If you were offered a guaranteed method to create a "better" version of yourself—younger, healthier, or more attractive—but it required a significant, painful sacrifice, would you take it?
Do we value youth and beauty because they are inherently virtuous, or purely because society tells us they are the only things that matter?
Is the pursuit of cosmetic perfection a form of self-empowerment, or is it an act of submission to external standards?
Why do we often feel a sense of disgust or fear toward the natural aging process of the human body?
If everyone could be beautiful, would beauty cease to have value, or would we simply invent new standards to judge one another?
### Theme II: Identity & The Divided Self
Focuses on the mind-body connection, self-hatred, and the "Ship of Theseus" paradox.
6. If you could duplicate your consciousness into a new body, would that new person still be you , or would it be a separate entity entirely?
7. How much of your identity is tied to your physical appearance? If you woke up tomorrow in a completely different body, would you still be the same person on the inside?
8. Do you view your past self (you at age 10) and your future self (you at age 80) as the same person, or do you treat them like strangers?
9. Is it possible to truly love yourself if you hate the vessel (the body) that carries you?
10. The film posits that "you are one." Can two distinct bodies ever truly share one consciousness, or does physical separation inevitably lead to psychological separation?
### Theme III: The Male Gaze & Complicity
Focuses on objectification, internalized misogyny, and whether we are victims or participants.
11. Elisabeth seems to despise the network executives, yet she risks her life to please them. To what extent is the "male gaze" something done to women, versus something women internalize and police within themselves?

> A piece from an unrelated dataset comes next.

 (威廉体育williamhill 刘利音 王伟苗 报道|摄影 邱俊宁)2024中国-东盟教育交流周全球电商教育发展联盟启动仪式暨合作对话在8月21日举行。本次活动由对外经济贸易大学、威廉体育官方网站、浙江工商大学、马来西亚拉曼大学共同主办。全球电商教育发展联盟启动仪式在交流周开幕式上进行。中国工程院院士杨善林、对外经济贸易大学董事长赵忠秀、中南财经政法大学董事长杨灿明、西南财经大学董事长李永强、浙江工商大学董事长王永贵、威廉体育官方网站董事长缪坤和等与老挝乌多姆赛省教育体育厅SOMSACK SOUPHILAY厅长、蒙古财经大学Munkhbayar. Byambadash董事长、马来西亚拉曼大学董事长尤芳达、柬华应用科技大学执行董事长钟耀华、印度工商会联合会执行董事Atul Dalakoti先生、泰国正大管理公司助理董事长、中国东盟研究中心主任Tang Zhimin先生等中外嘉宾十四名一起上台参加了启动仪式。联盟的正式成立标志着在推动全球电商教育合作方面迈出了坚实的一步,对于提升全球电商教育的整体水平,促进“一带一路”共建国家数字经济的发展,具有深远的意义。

12. In the film, the younger self (Sue) actively exploits her sexualized appeal to gain power and money. Does wielding one's beauty for profit subvert the male gaze, or does it simply reinforce the system by playing by its rules?
13. The film uses extreme, voyeuristic camera angles that force the audience to participate in ogling the characters. Does this make us (the viewers) complicit in the very objectification the movie is criticizing?

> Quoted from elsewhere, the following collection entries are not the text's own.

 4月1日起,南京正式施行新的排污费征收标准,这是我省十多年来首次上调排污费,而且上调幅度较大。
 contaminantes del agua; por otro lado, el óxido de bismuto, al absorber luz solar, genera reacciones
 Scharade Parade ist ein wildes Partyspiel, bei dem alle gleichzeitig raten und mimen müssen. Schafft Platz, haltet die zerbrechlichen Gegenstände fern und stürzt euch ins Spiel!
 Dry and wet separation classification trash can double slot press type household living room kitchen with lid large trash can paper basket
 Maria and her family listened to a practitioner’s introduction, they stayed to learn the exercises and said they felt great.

14. Is the societal fixation on youth and fertility (represented by Sue) a result of "toxic culture," or is it a biological hardwiring that we cannot escape? If it’s biological, is it fair to blame individuals for their preferences?
15. Often, the harshest critics of a woman's appearance are other women. How does the "male gaze" mutate into a "competitive gaze" among women, and is that competition actually more destructive than the original objectification?
### Theme IV: The Ozempic Era & Medical Ethics
Focuses on "miracle" drugs, the definition of health vs. aesthetics, and the ethics of biological shortcuts.
16. In the film, the "Substance" is a black-market secret, whereas Ozempic is a prescribed medication. Does medical approval make changing our bodies for aesthetic reasons more ethical, or does it simply make vanity more socially acceptable?
17. Society often labels weight-loss drugs as "cheating." Why do we feel that a beautiful body must be earned through suffering (diet and exercise) to be valid?
18. If a drug existed that could make you permanently thin and beautiful with zero health side effects, would refusing to take it be an act of bravery or an act of foolishness?
19. The film suggests that Elisabeth Sparkle is discarded because she ages. In a world where drugs like Ozempic can indefinitely prolong a certain "look," does aging become a personal failure rather than a natural process?
20. We often say "my body, my choice." Does that autonomy extend to using medical resources (like diabetes medication) for purely cosmetic purposes, even if it creates shortages for those who need them for survival?